CIA Director John Brennan said that if the next president ordered the CIA to resume waterboarding, he would resign, reports The Week.
Waterboarding was banned by President Obama in a 2009 executive order, but the order could theoretically be reversed by the next president.
It will be up to the CIA director and others in the spy agency to decide if they can carry out those orders "in good conscience," Brennan added, "and I can say that as long as I'm director of CIA, irrespective of what the president says, I'm not going to be the director of CIA that gives that order. They'll have to find another director."
Brennan did not mention Donald Trump by name, but Trump has publicly endorsed the use of waterboarding and interrogation techniques "much tougher than waterboarding," while the other likely next president, Democrat Hillary Clinton, opposes waterboarding.
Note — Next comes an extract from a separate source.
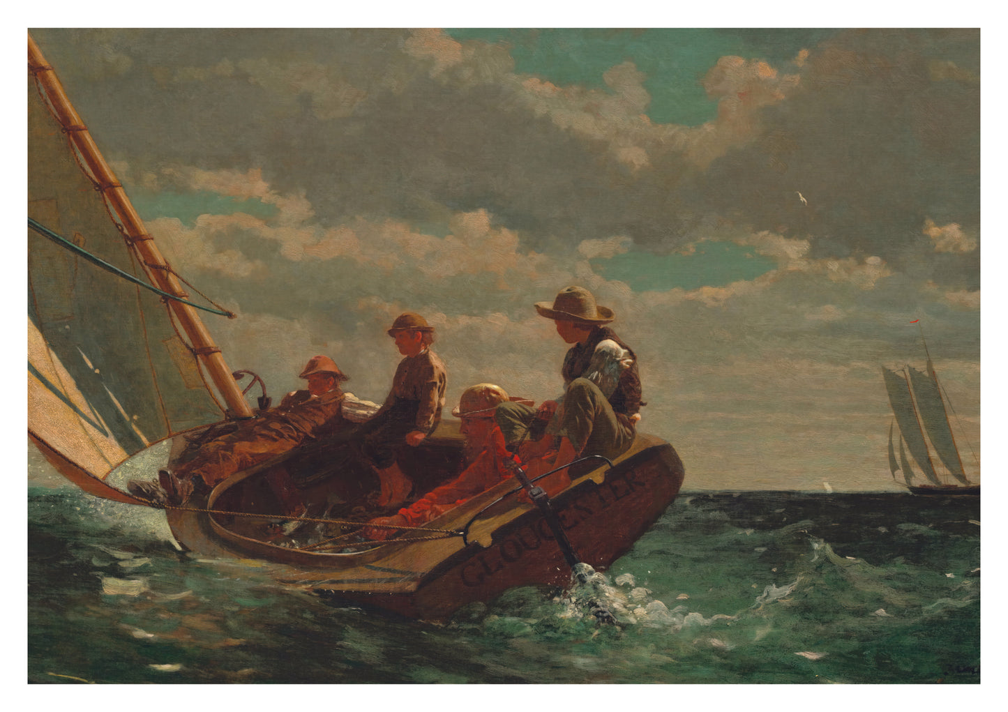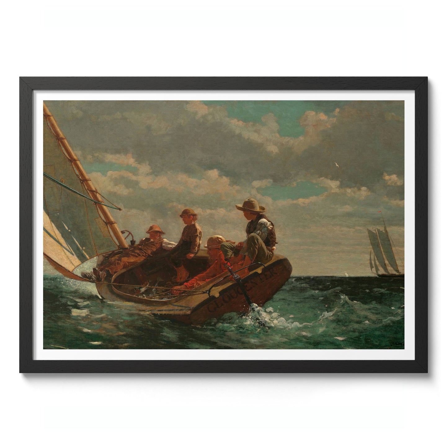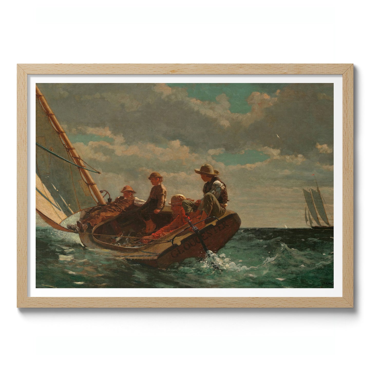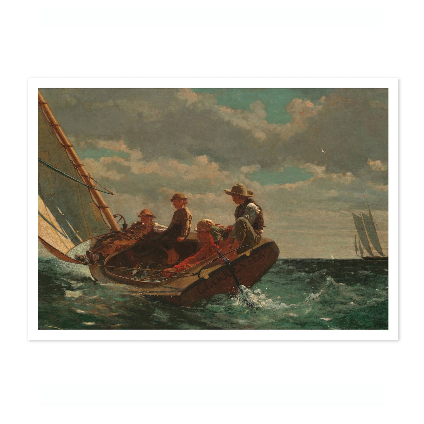 "Breezing Up (A Fair Wind)" poster by Winslow Homer captures a dynamic maritime scene featuring a small sailboat navigating lively waters. The artwork, steeped in Realism, depicts a group of sailors, masterfully portraying the essence of seafaring adventure and the invigorating challenge of the waves. Ideal for enthusiasts of nautical decor and classic realism paintwork.

Brennan suggested he would resign if President Trump ordered the CIA to waterboard not just for moral reasons but also practical ones, saying "you cannot establish cause and effect between the application of these [techniques] and credible information that came out of these individuals."
The origins of the post-9/11 torture practices at the CIA, which included waterboarding, were revealed earlier this month as the result of an ACLU lawsuit. The CIA hired James E. Mitchell and Bruce Jessen, Air Force Veterans without any expertise in interrogation, and spent $81 million to oversee the use of waterboarding, sleep deprivation, and other “enhanced interrogation techniques” in secret foreign prisons.